## Exercise goal
Pictures excluded, output the lines of the data below between the one holding "Hetian Jade Bracelet, Approx." and the one holding "- INTERFACE_TYPE 属性设置为", inclusive, exactly as they stand.

## Supplied entries
== == ==
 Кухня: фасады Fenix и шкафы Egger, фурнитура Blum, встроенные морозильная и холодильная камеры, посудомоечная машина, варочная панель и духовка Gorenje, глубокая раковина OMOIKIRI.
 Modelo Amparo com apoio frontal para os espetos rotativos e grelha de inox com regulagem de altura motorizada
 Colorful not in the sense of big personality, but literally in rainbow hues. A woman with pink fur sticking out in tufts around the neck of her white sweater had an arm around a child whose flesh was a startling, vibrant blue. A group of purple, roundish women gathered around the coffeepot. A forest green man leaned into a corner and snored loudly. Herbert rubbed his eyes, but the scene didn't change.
== == ==
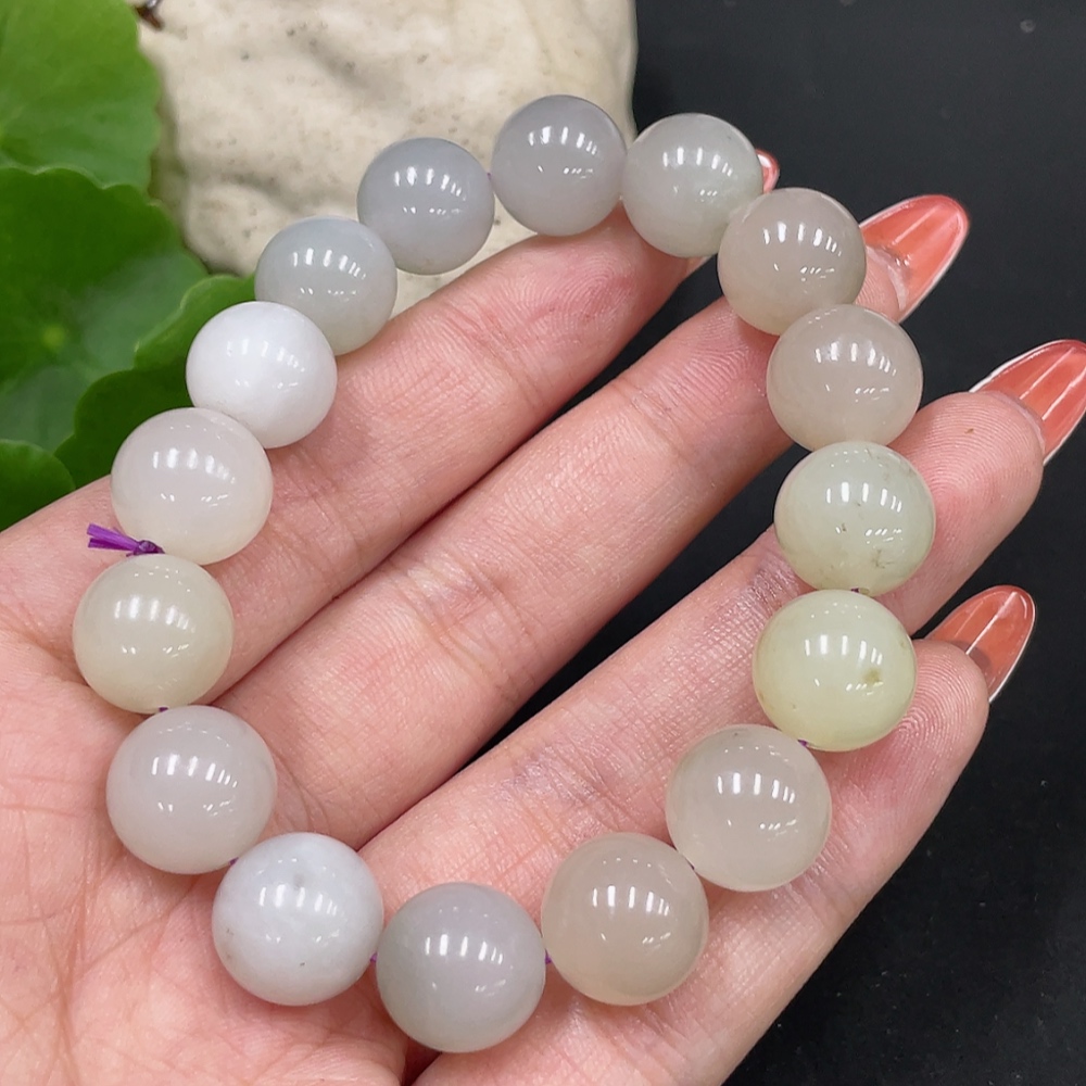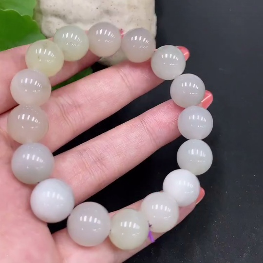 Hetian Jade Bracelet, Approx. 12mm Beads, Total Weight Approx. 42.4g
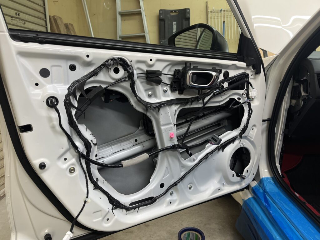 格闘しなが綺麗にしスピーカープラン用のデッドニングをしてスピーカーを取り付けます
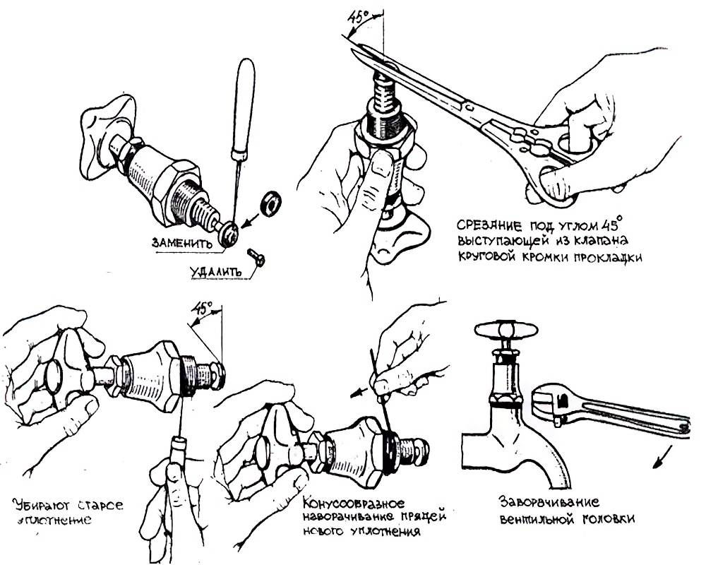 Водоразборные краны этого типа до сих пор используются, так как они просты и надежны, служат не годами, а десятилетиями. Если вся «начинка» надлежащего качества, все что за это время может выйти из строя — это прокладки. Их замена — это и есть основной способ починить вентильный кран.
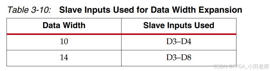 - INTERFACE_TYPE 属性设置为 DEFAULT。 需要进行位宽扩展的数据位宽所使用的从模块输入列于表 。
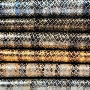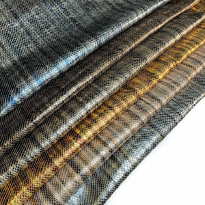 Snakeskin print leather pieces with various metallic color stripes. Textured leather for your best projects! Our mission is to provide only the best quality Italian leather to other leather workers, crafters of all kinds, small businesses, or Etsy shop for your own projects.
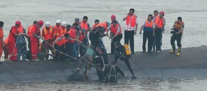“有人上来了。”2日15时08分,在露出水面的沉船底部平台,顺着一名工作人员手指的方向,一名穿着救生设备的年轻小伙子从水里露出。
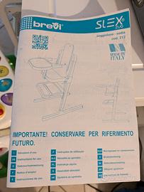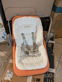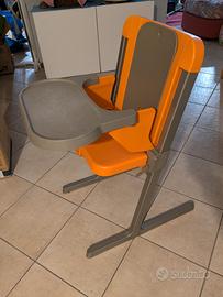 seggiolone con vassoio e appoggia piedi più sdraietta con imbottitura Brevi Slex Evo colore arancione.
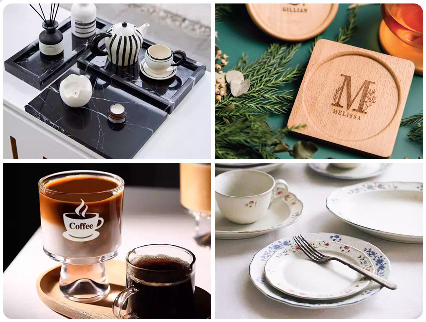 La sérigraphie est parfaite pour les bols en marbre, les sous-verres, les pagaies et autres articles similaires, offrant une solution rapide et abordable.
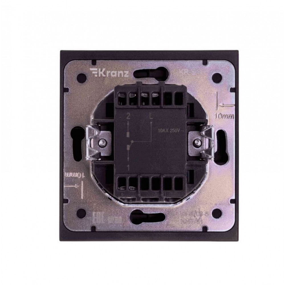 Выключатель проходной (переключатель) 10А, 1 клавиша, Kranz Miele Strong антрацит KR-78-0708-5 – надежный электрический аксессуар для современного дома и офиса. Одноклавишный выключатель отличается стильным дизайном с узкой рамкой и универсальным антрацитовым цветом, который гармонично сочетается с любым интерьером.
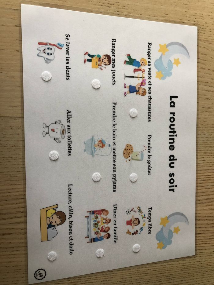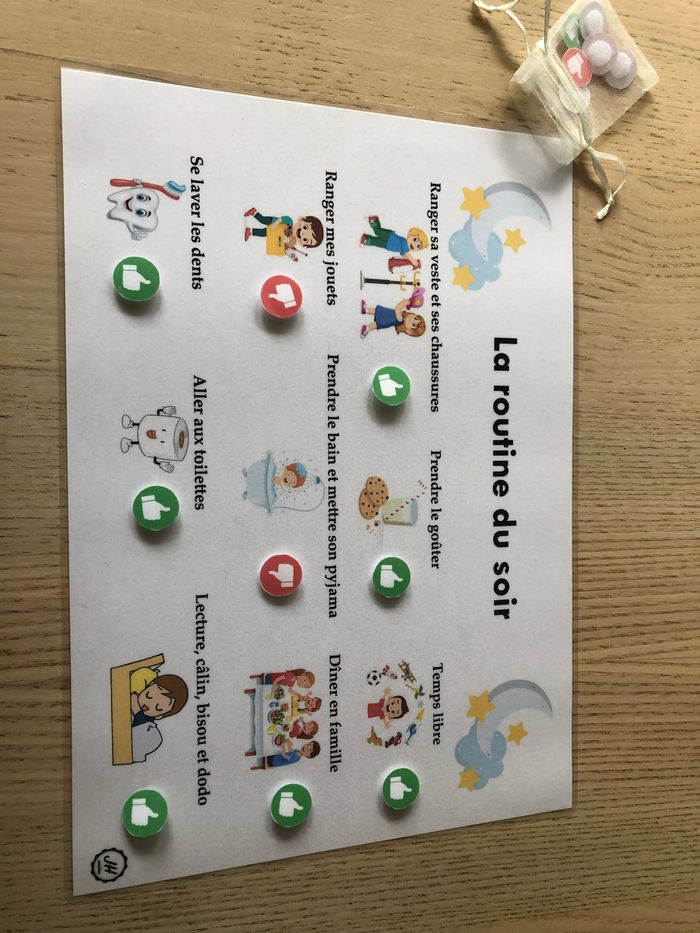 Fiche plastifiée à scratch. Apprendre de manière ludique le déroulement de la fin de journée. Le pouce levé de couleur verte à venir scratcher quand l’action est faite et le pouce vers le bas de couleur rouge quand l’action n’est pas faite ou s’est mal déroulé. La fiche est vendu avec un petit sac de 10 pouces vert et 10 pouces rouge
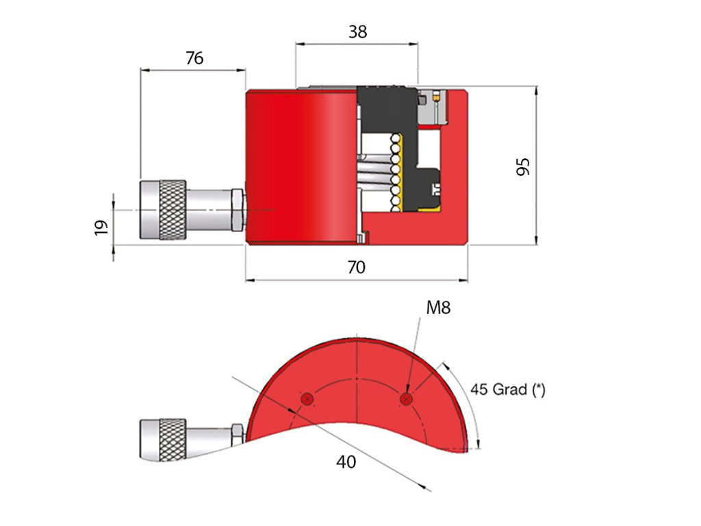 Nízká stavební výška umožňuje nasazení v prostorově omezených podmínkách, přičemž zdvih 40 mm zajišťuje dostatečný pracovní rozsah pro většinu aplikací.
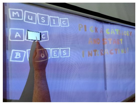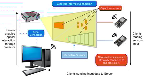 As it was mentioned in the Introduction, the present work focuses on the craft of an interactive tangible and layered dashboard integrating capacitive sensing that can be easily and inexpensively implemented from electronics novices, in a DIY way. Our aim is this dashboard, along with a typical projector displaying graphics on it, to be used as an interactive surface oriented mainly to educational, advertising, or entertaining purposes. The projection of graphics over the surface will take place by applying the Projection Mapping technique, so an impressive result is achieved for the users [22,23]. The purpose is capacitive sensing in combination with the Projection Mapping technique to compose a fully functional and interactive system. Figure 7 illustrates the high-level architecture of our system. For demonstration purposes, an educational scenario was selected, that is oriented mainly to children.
== == ==
## Exercise solution
 Hetian Jade Bracelet, Approx. 12mm Beads, Total Weight Approx. 42.4g
 格闘しなが綺麗にしスピーカープラン用のデッドニングをしてスピーカーを取り付けます
 Водоразборные краны этого типа до сих пор используются, так как они просты и надежны, служат не годами, а десятилетиями. Если вся «начинка» надлежащего качества, все что за это время может выйти из строя — это прокладки. Их замена — это и есть основной способ починить вентильный кран.
 - INTERFACE_TYPE 属性设置为 DEFAULT。 需要进行位宽扩展的数据位宽所使用的从模块输入列于表 。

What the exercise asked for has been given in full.